Dive Brief:
- A Georgia county fired a tax official because of his poor job performance, not because of his complaints of "reverse discrimination" based on race, the 11th U.S. Circuit Court of Appeals ruled (Fitzgibbon v. Fulton County, Georgia, The Fulton County Board of Assessors, No. 20-11583 (11th Cir., Jan. 11, 2021)).
- While serving as chief tax appraiser, the plaintiff began experiencing "difficulties producing the tax digest in a timely and accurate manner," which created a two-month delay in tax collection, according to the court's opinion. The Board of Assessors held a closed meeting to discuss his performance and concluded it was "extremely concerned" about the problems he had caused. Complaints arrived from other workers in the same time period that the tax appraiser and other managers were creating a racially hostile work environment, prompting the HR and diversity departments to launch investigations. When the plaintiff received a copy of HR's investigation, he replied in an email that he was experiencing "reverse discrimination" based on race. The day before the tax appraiser sent this email, a member of the Board of Assessors recommended the county terminate him. About two weeks later, he was fired.
- The tax appraiser sued, alleging, among other things, retaliation under Title VII of the Civil Rights Act of 1964. A district court found that he could not prove that his email alleging "reverse discrimination" was the but-for cause of his termination as his termination "was already in motion before his participation in the alleged protected activity." The appeals court affirmed. Relying on a 2006 case, it opined that "in a retaliation case, when an employer contemplates an adverse employment action before an employee engages in protected activity, temporal proximity between the protected activity and the subsequent adverse employment action does not suffice to show causation."
Dive Insight:
Title VII forbids employers from punishing job applicants or employees "for asserting their rights to be free from employment discrimination," according to the U.S. Equal Employment Opportunity Commission (EEOC).

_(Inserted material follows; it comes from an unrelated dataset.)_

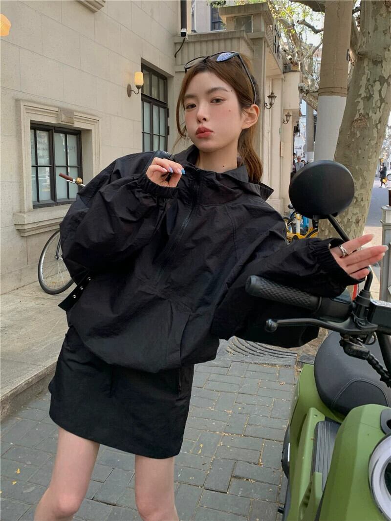 スポーツとレジャースーツの女性初秋 2023 新しいフード付き長袖日焼け止めジャケットハイウエストスリムスカート 2 点セット ロング オータム 秋物 0921970251924999

Protected activity can include talking with a supervisor about discrimination, answering questions during an employer investigation of alleged harassment, and refusing to carry out instructions that would incur discrimination, and among other actions, among other actions. Additionally, "other acts to oppose discrimination are protected as long as the employee was acting on a reasonable belief that something in the workplace may violate EEO laws, even if he or she did not use legal terminology to describe it," the federal agency has noted.
The court declined to decide whether the tax appraiser's email constituted protected activity — "even assuming that it [did, the plaintiff] has not shown that he can meet his burden of establishing but-for causation." Still, informal complaints may constitute protected activity under Title VII, the 11th Circuit previously noted in a February 2020 case.
While employees who engage in protected activity are not shielded from legitimate discipline, a close relationship in time between the protected activity and an adverse employment action may suggest unlawful retaliation. A Philadelphia fitness instructor fired hours after letting her bosses know that she had filed a complaint with EEOC recently was allowed to proceed with her claims of retaliation and bias, for example. On the other hand, the 11th Circuit has said a termination that occurred eight months after a worker filed an EEOC complaint wasn't retaliation. But there is no "bright line" rule for such timing.